Harriet Hausman is the kind of gadfly every community needs. She chooses her topics with an inherent wisdom, handed down from family and teachers along the way. She takes on volatile subjects with a nonchalance based on gumption. In her column, she prods rather than soothes. She is shrewd without coming off as cloying. She knows the difference between the obvious and the irrelevant.
In her columns, she regularly takes on public issues with a directness that provokes the kind of controversy that challenges rather than cuts off response — a quality exceedingly rare in this or any day.
Example: Her Aug. 23 column references the shakeup by the National Geographic Magazine’s management in acknowledging its history of condescending treatment of foreign cultures.

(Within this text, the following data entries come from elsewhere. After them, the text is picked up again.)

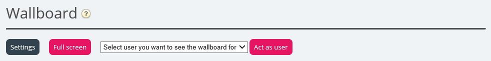 A user can deploy Wallboard settings on behalf of other users in the Wallboard area, if the Administration property Act as another user (wallboard) is turned on. If you have such access, choose the relevant (Wallboard) user you want to configure a Wallboard for (e.g. Wallboard support), click Act as user, and then click Settings to configure this user's Wallboard.
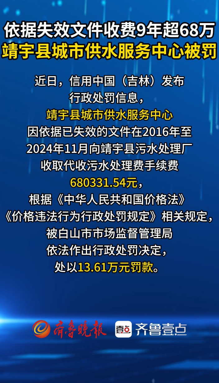 依据失效文件收费9年超68万 靖宇县城市供水服务中心被罚大众报业·齐鲁壹点 17:40近日,信用中国(吉林)发布行政处罚信息,靖宇县城市供水服务中心因依据已失效的文件在2016年至2024年11月向靖宇县污水处理厂收取代收污水处理费手续费680331.54元,根据《中华人民共和国价格法》《价格违法行为行政处罚规定》相关规定,被白山市市场监督管理局依法作出行政处罚决定,处以13.61万元罚款。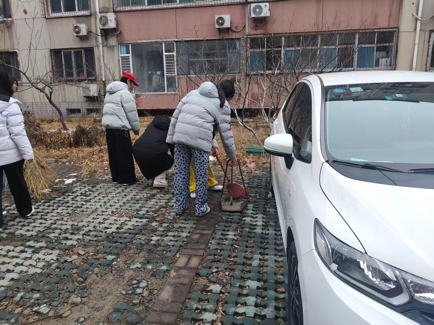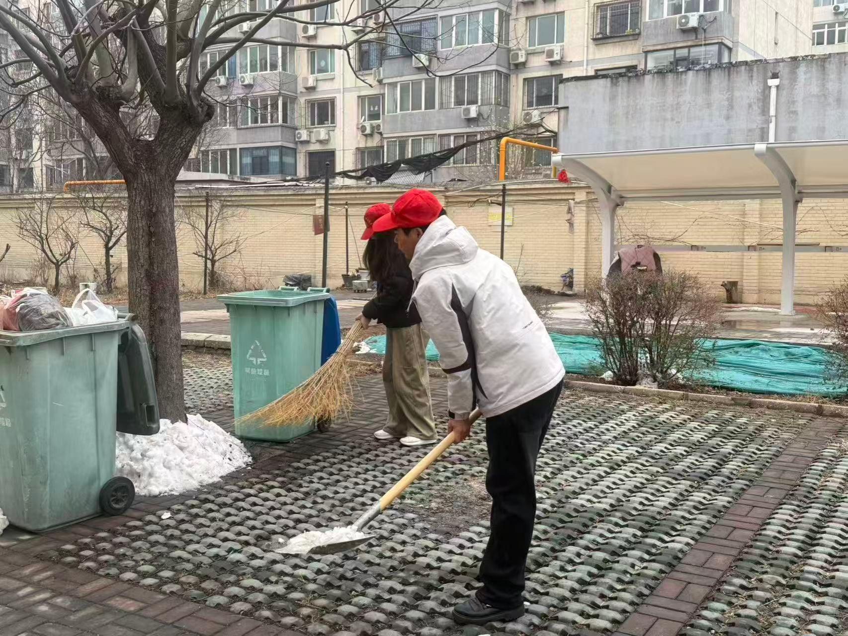 中医系爱心互助社组织 15 名志愿者前往石安高速小区开展志愿服务活动。志愿者们不畏严寒、手持铁锹等工具,对小区内的积雪进行全面清理,并及时清扫路面垃圾、规整环境秩序,用实际行动改善社区居住环境。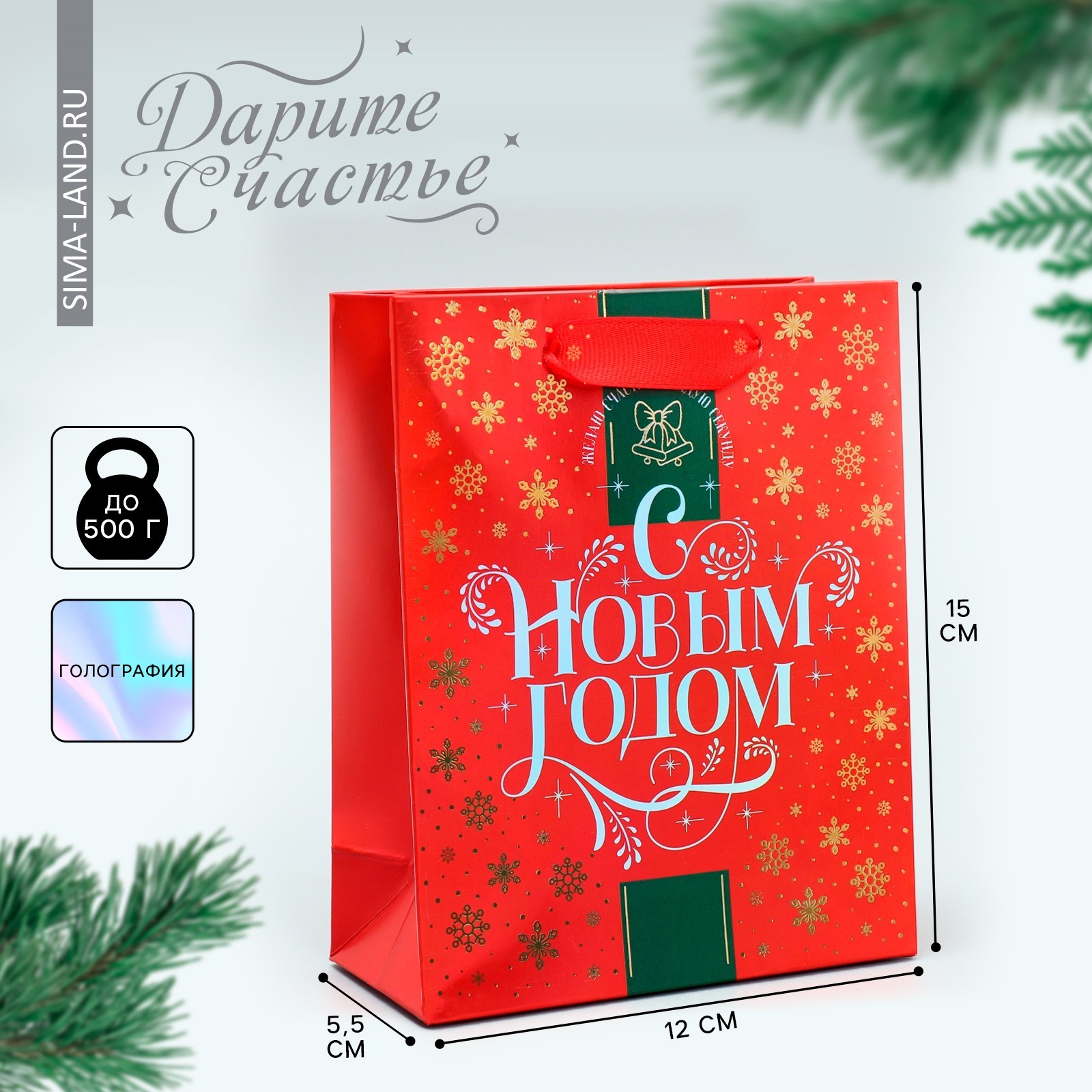 Пакет подарочный новогодний ламинированный «с новым годом!», s 12 х 15 х 5.5 см. Цвет:Красный|Для кого:Унисекс|Плотность, г/м :157|Тематика:Новогодняя|Символ года:Нет|Тематика праздника:Новый год|Отделка пакета:Голография|Вид ручки:Ручка-лента|Страна:Китай  развернуть описание ▼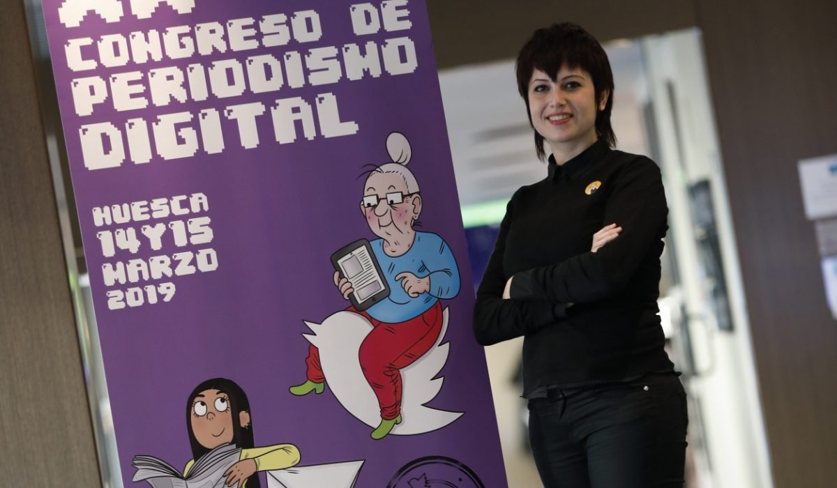 La autora del cartel del XX Congreso de Periodismo Digital de Huesca, Mamen Moreu, ha estado en el arranque de la cita, donde ha recordado que la imagen de este año rinde homenaje, una vez más, a la mujer, que es, verdaderamente, la única protagonista de todas sus obras.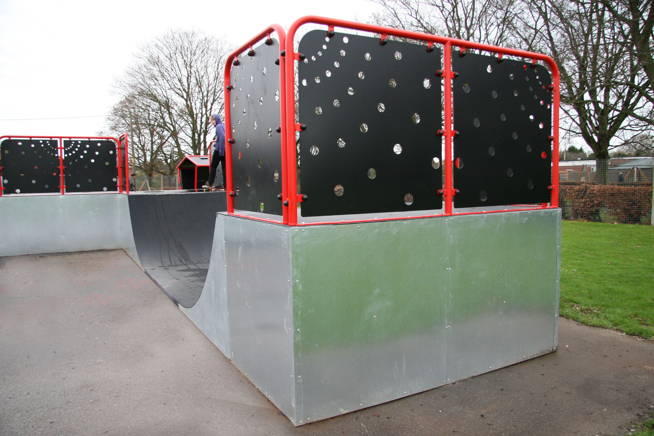 A fantastic Skate Park bundle offering 7 Different Ramps with exciting skate park equipment.Featuring Half Pipe SB-002, Flatbank SB-006, Funbox SB-009, Handbox Rail SB-031, Quarter Pipe SB-001, Spine Ramp SB-005 and Step Grind Double SB-030.Manufactured from heavy duty steel angle frame with 6mm thick solid steel skating surface and SkateActive textured surface coating for for grip and noise reduction. Handrails, grind-rails and kickers all galvanised steel with side cladding (as required) manufactured from galvanised steel sheet clad internally with marine grade ply to aid noise absorption. BS EN14974 compliant.

She learned from that disclosure by the NGM and accepted the challenge of revising her own views on the matter.

Example: Fox News’ multimillion-dollar settlement of a lawsuit against them by Dominion Voting Systems for the Fox News claim that Donald Trump had in fact won the 2020 election but had it stolen from him. She saw in that transaction how costly “Big Lies” can be.
In following up on these examples, Hausman did what she’s at her best in doing, appealing to parents to fulfill their responsibility to influence what their children read and learn. Indeed, all of us have that responsibility. Our democracy depends on it. Our personal well-being as well.
Despite a nearly fatal health scare at home recently, she pledges to keep on writing — and annoying — us in this her 99th year. Just four years in age behind, I’ll cheer for her and do my best with what I’ve been given. I hope you’re of the same mind.
Dean Lueking is pastor emeritus of Grace Lutheran Church, River Forest.